The seeds for the international program at Notre Dame were sown in the 1980s when Richard Goldstone, a white South African judge using his insider position to fight apartheid, met with Rev. Theodore Hesburgh, CSC. The legendary civil rights reformer asked what Notre Dame could do to promote justice in South Africa. Goldstone responded, “Educate our lawyers.”

The resulting program, housed in the Center for Civil and Human Rights, was created to apply lessons from America’s civil rights movement to apartheid. It soon expanded worldwide and has since educated more than 360 lawyers from at least 90 countries across the globe.

Jaichand arrived in January 1988 as the first student. The fledgling one-year program offered him a room in the infirmary until a permanent place could be found.

“I joked that I know I come from a sick society,” he said, “but why was I put in the infirmary?”

After graduation, Jaichand worked in human rights law for many years, including nearly a decade at the Irish Center for Human Rights. Inspired by his family’s eviction, he specialized in land restitution issues until finally landing at Witwatersrand as a teacher.

The third-oldest university in South Africa now has a population that is about 70 percent black. Jaichand is often called its first black dean, despite being Indian. The historic alternative, he said, was being “categorized as non-white, and I preferred not to be known by a negative.”

Madlanga came to Notre Dame in 1989. He had been studying at the University of Transkei when the police in South Africa were cracking down on members of the African National Congress, the party Nelson Mandela helped start and would later lead.

Student activists supporting the cause brought classes to a halt, so Madlanga worked part time in a magistrate’s office, where he would often meet with security police. However, some of the student activists were Madlanga’s friends, and he helped them hide during the day. At night, he would sneak them out over back roads on his motorcycle. The police would later kill one of these friends and force others into exile.

“If you were a South African with a conscience at all, you just had to play a role, even if it was a small one, in the bigger scheme of things,” Madlanga said. “If a security policeman were to apprehend one of the people I was living with, they would probably be given a prize for this big arrest. I would think, deep inside me, if only you knew that I actually held the people you are looking for. If you knew, I would be in serious trouble.”

He escaped trouble, and in 2000 he was appointed a justice of the Constitutional Court. “Things happen very quickly,” he said. “I couldn’t have imagined it when I was watching Mandela get released from prison on TV while at Notre Dame.” After leaving the court in 2001 to go into private practice, he was re-appointed in 2013.

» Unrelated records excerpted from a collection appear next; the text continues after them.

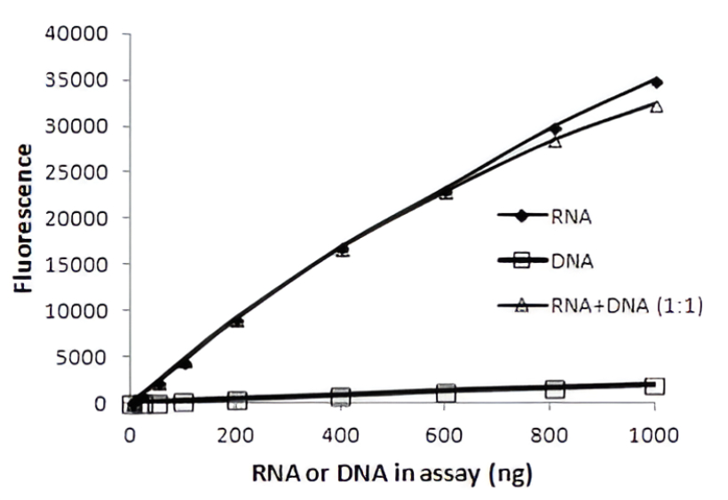 | AccuBlue® Broad Range RNA | RNA | 5-1000 ng | 650/670 | Fluorescence microplate reader or Qubit® fluorometer | The widest linear range of available RNA quantitation kits Exceptional accuracy, sensitivity, and high RNA selectivity |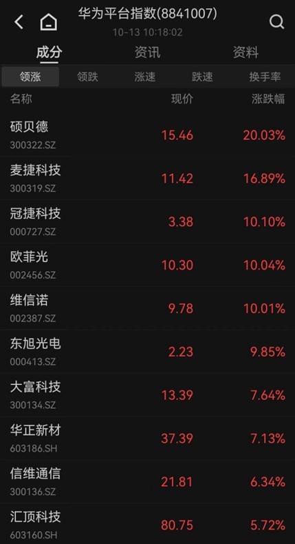 华为产业链持续活跃,欧菲光6连板,维信诺、东旭光电涨停,麦捷科技、东田微涨超15%,卓翼科技、荣联科技、格林精密等多股涨超5%。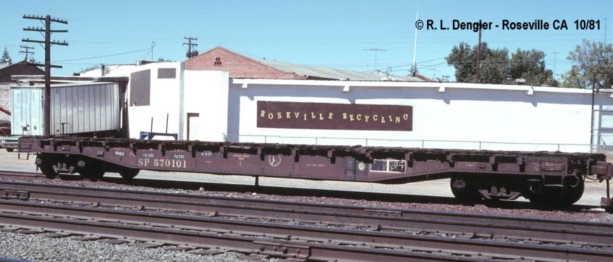The car is a 50 foot flat/gon copper anode flat. The SP had several interesting series' of flats (and boxes) to assigned carry this unusual commodity. The copper anode slabs are held in cradles at the ends of the cars as opposed to coils. See the following page: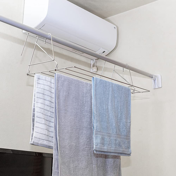 物干し竿に掛けて使えます。バスタオル1枚分の幅で最大7枚掛けられるので、いつも場所を取るバスタオルがたっぷり干せます。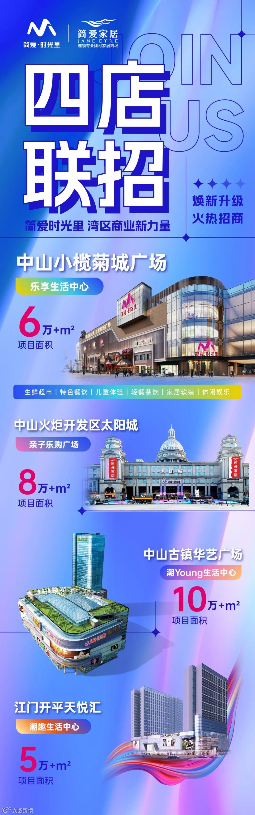 新零售时代,中国连锁家居购物中心「简爱家居」转型多元化商业综合体,创新打造家居 + 零售商业组合「简爱·时光里」,精选湾区核心腹地,塑造珠三角商圈城市新地标。简爱·时光里跨界融合轻餐饮、社区配套、休闲服饰、亲子教育、社交空间、美学设计等业态,主打以家庭居家生活为核心的品质商品和优质购物体验,营造“以家庭为中心”的沉浸式娱乐互动体验,打造城市生活的第三空间!

The court’s primary role is to protect South Africa’s constitution, which guarantees legal and political rights regardless of race. It’s been more challenging, according to the symposium’s participants, to make progress on socio-economic equality. Madlanga said the court has built a formidable record of jurisprudence since 1994, but it will take time to dismantle decades of apartheid and centuries of colonial subjugation.

“A lot has been achieved, but more still has to be done,” Madlanga said. “Some 22 years of freedom is not enough to redress all those problems.”